As many other commenters have pointed out, it is possible for net global wealth to increase (e.g., the increase in total real GDP). As far as I understand, the main reason this is possible is the development of new "technology" -- in the very general, economic sense of the word technology [0], which includes anything that increases the productivity of a single worker; this can include everything from new technology in the traditional sense to new processes (e.g., agile vs. waterfall for software development, or more optimal supply chains) and investment in infrastructure (e.g., better road networks).

For example, a single farmer today can not only produce many times more crop compared to a farmer 100 years ago, but also safely and efficiently distribute this produce to consumers across the globe.
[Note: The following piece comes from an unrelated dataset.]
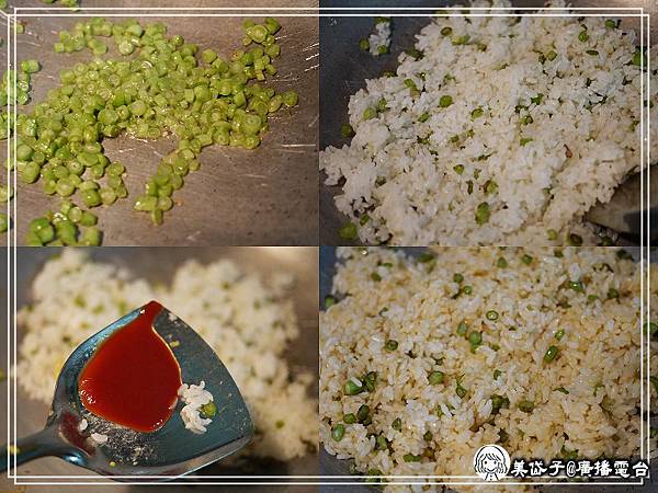四季豆先汆燙再入油鍋拌炒,後加入米飯與少許蕃茄醬拌炒均勻,蕃茄醬已有淡淡鹹味,不再加調味

In general, assuming everyone in the economy works equally hard, the total production (i.e., the global net wealth) can increase as long as technology is increasing.

[0] https://en.wikipedia.org/wiki/Production_function


Rich people tend to have most of their worth in stock. In theory, assuming your stock got more expensive, you get richer without anyone in particular getting poorer.


Inflation = everyone in cash got poorer


Or. everyone with debt - which is usually a very large portion of the population - had their burden reduced.

edit: Ability to pay grows with inflation, by definition. Unless you have a particularly unusual type of debt, the principle is constant and the interest is based on the remaining principle and is therefor a pre-inflation value. Wages grow in absolute terms (even though their purchasing power is otherwise constant), so the debt is easier to pay off.


Along with their ability to repay their debt, so that's a wash.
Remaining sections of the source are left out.